Note: the accompanying images are not from this book, but much of what I learned, is. Any reflections about parallels with current events are mine, and mine alone. This book made me think.

The millinery and feather trades were a huge international business in 1910. Ad from Delineator.

I’m sorry I took so long to review this book; I loved reading it, and I’ve raved about it to friends, but it is so jam-packed with fascinating information that I was tempted to quote something from every other page — which would not be fair to other readers; it’s too much fun to discover surprising facts for yourself! [Even so, I couldn’t resist sharing a few. My enthusiasm carries me away. A shorter review can be found at The Vintage Traveler 🙂 ]

In her previous book, The Housekeeper’s Tale, Tessa Boase poured through old account books, legal proceedings, letters and diaries, and used her research to unearth the life stories of several women servants over a period of nearly two centuries. I confess that history was the class that bored me the most in high school — although I was a good student, I hated “history.” But history vividly told though the lives of ordinary women — that is fascinating, and suspenseful, reading.

This teenaged girl wears entire bird wings on her hat. Delineator, March 1910. In 1892, 800,000 pairs of wings were imported by one London dealer. [Boase, p. 87]

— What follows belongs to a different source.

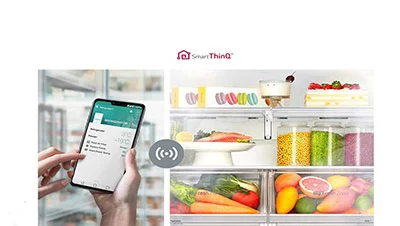 تشخیص هوشمند ال جی راهی سریع و آسان برای عیب یابی مشکلات است. کافی است با خط راهنمای LG تماس بگیرید و تلفن را روی دستگاه قرار دهید. سپس دستگاه با رایانه ای ارتباط برقرار می کند که تشخیص را در عرض چند ثانیه ایجاد می کند و یک راه حل فوری ارائه می دهد. با LG ThinQ (Wi-Fi) ، می توانید یخچال خود را با تلفن هوشمند خود کنترل و تشخیص دهید حتی زمانی که در خانه نیستید. به راحتی دمای یخچال را تنظیم کنید ، Express Freeze را کنترل کنید و یخچال خود را با لمس ساده روی تلفن هوشمند خود تشخیص دهید. ویژگی های کلیدی را با برنامه SmartThinQ smartphone در تلفن هوشمند خود کنترل کنید و اعلان های مهم را از هر کجا دریافت کنید. حتی با Google Assistant کار می کند تا بتوانید ویژگی های هوشمند را با صدای خود کنترل کنید. ذهن شما در سهولت فناوری ThinQ به شما این امکان را می دهد تا با استفاده از یک برنامه ساده تلفن هوشمند ، تعداد بیشماری از کارهای روزانه را متعادل کنید. همچنین با بهره مند بودن آن از عیب یابی یخچال با خبر می شوید. تنها کافیست این برنامه هوشمند را بروی تلفن خود وصل کنید و از هرجایی اعلان های SmartThinQ را مشاهده کنید و از عیب های یخچال باخبر شوید.

In Mrs. Pankhurst’s Purple Feather, the women central to her story are not ordinary — most of them are women who achieved great things: They changed the laws of England in the early twentieth century. And they did it against all odds:

“Right up until the First World War, the idea of bird protection was as laughable to the general population as the concept of female emancipation.” — Boase, p. xiii

Mrs. Emmeline Pankhurst was the very vocal leader of the movement for women’s suffrage, the Women’s Social and Political Union (WSPU.) Mrs. Etta Lemon was the primary founder of the Society for the Preservation of Birds (SPB,) seeking to prevent the extinction of birds which were being hunted for women’s hat trimmings. Both of them were up against an all-male parliament, male voters, and a public perception that women should stay home and keep their opinions to themselves.

But, surprisingly, the crusading Mrs. Lemon,  — like many of her supporters — was an “Anti:” she was opposed to women getting the vote.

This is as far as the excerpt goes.